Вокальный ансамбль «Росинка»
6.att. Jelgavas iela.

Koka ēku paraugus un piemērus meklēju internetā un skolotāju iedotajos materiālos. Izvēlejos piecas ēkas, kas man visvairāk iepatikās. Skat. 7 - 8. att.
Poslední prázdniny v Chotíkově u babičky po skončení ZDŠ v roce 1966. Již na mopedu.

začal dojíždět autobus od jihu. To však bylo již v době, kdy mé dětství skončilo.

--

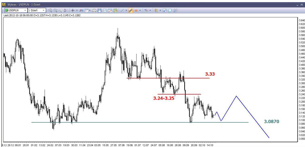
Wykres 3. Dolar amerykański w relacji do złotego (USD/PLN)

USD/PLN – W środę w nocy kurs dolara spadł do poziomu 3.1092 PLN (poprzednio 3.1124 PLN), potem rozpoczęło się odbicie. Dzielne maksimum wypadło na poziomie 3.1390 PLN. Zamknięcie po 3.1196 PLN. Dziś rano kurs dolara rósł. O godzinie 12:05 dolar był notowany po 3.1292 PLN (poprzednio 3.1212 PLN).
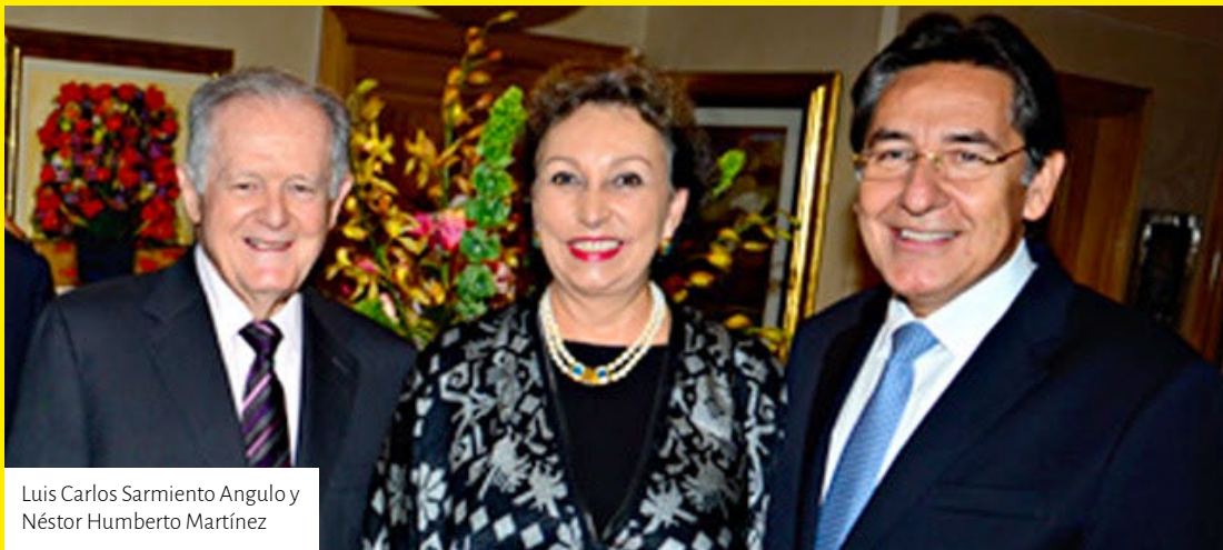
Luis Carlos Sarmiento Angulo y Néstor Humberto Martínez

==

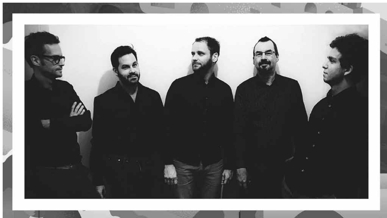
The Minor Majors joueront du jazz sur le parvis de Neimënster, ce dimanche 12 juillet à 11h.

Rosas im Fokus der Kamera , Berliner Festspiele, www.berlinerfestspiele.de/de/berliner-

## To do
Nothing but the lines above from the one containing "Poslední prázdniny v" through the one containing "začal dojíždět autobus" should appear in the answer, each repeated exactly.

## Task solution
Poslední prázdniny v Chotíkově u babičky po skončení ZDŠ v roce 1966. Již na mopedu.

začal dojíždět autobus od jihu. To však bylo již v době, kdy mé dětství skončilo.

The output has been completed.